See the DrugPatentWatch profile for lurbinectedin

Lurbinectedin affects blood pressure through its action on vascular endothelial cells. It binds DNA in these cells, interfering with transcription and causing cell cycle arrest. This reduces nitric oxide production, impairing vasodilation and raising blood pressure.

Why do patients report blood pressure changes after lurbinectedin?

Patients who receive lurbinectedin for small cell lung cancer sometimes experience hypertension or hypotension during or after infusions. Reports indicate that the drug disrupts endothelial function directly, rather than through indirect factors like fluid overload or pain.
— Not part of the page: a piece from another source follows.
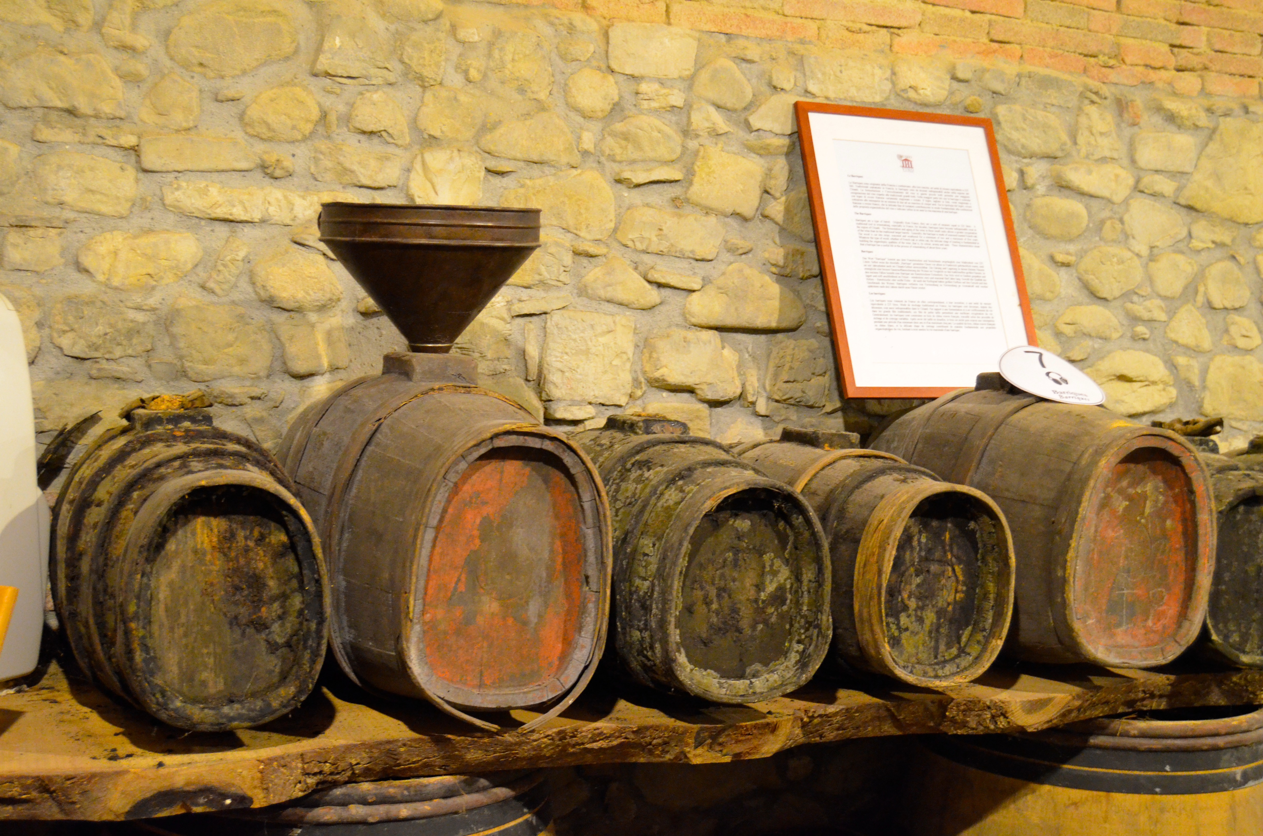 Old barrels in the Wine Museum in Greve in Chianti - Italy
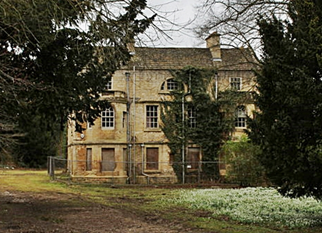 Bramham Biggin, an empty Grade II* listed house in Bramham Park near Wetherby.

What happens if blood pressure rises during lurbinectedin treatment?

Medical teams usually monitor blood pressure closely during the vierstundeige four-hour infusion period. If hypertension develops, they pause the infusion and administer short-acting antihypertensive agents such as labetalol or hydralazine. If hypotension occurs, they stop the infusion and provide fluid boluses or vasopressors.

When does blood pressure return to normal after lurbinectedin?

Blood pressure values often stabilize within hours after stopping the infusion. Long-term follow-up data show that persistent hypertension rarely develops after lurbinectedin alone, unless patients have pre-existing cardiovascular risk factors.

What competing drugs have similar vascular effects?

Topotecan and irinotecan share similar topoisomerase inhibition but produce less consistent vascular effects. Lurbinectedin’s unique DNA-binding profile appears to target endothelial transcription more selectively.

Can patients with existing hypertension receive lurbinectedin?

Patients with uncontrolled hypertension are generally excluded from clinical trials. Those already on antihypertensive medication continue their prior therapy and receive lurbinectedin at 3.2 mg/m² every 21 days.